Solving mysteries takes time, persistence


Staff Writer

Sunday, March 10, 2019

It's often darkest just before dawn.

I've been writing about missing people and unsolved murders for more than a decade. Success stories are rare. I've helped reopen a few cases, resolved a few and seen arrests made a couple of times.

But for the most part, it's just more pain for the families of the missing and murdered. By the time I write a story about someone, their case has been passed through several hands or not been handled at all. Either way I'm digging up hurt.

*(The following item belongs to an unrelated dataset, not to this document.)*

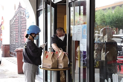 (4) 一名快递员正在徐家汇一商家门前取快递

Take this case for instance: No. 2234. Named after the National Missing and Unidentified Persons System file number is the body of a white female found three decades ago in a wooded area near Rocky Mount.

I wrote about her about a year and a half ago. The case is so old that local authorities didn't know about her. I don't begrudge them. There has been a lot of administrative turnover since 1986.

And there were few clues to go on even then: Bones, tattered clothes and not much else.

Next to nothing is known about her. She was between 20 and 30 when she died. Her body was discovered March 11, 1986, by surveyors. She was believed to be dead for only six months.

She had long, curled brown hair that may have been dyed red. She was 5 feet 4 inches tall.

One of the best clues to her identification is a healed fracture of a rib and backbone. To be repaired, the injuries wouldn't have required major surgery — just time; but family members should know about the incident, according to information in the NamUs report.

The clothes she was wearing at the time of her death could help identify her. She had a black T-shirt with a “Seagram's 100 Pipers Scotch Whiskey” logo, black or gray Levis corduroy pants size 34 and sandals with white bands.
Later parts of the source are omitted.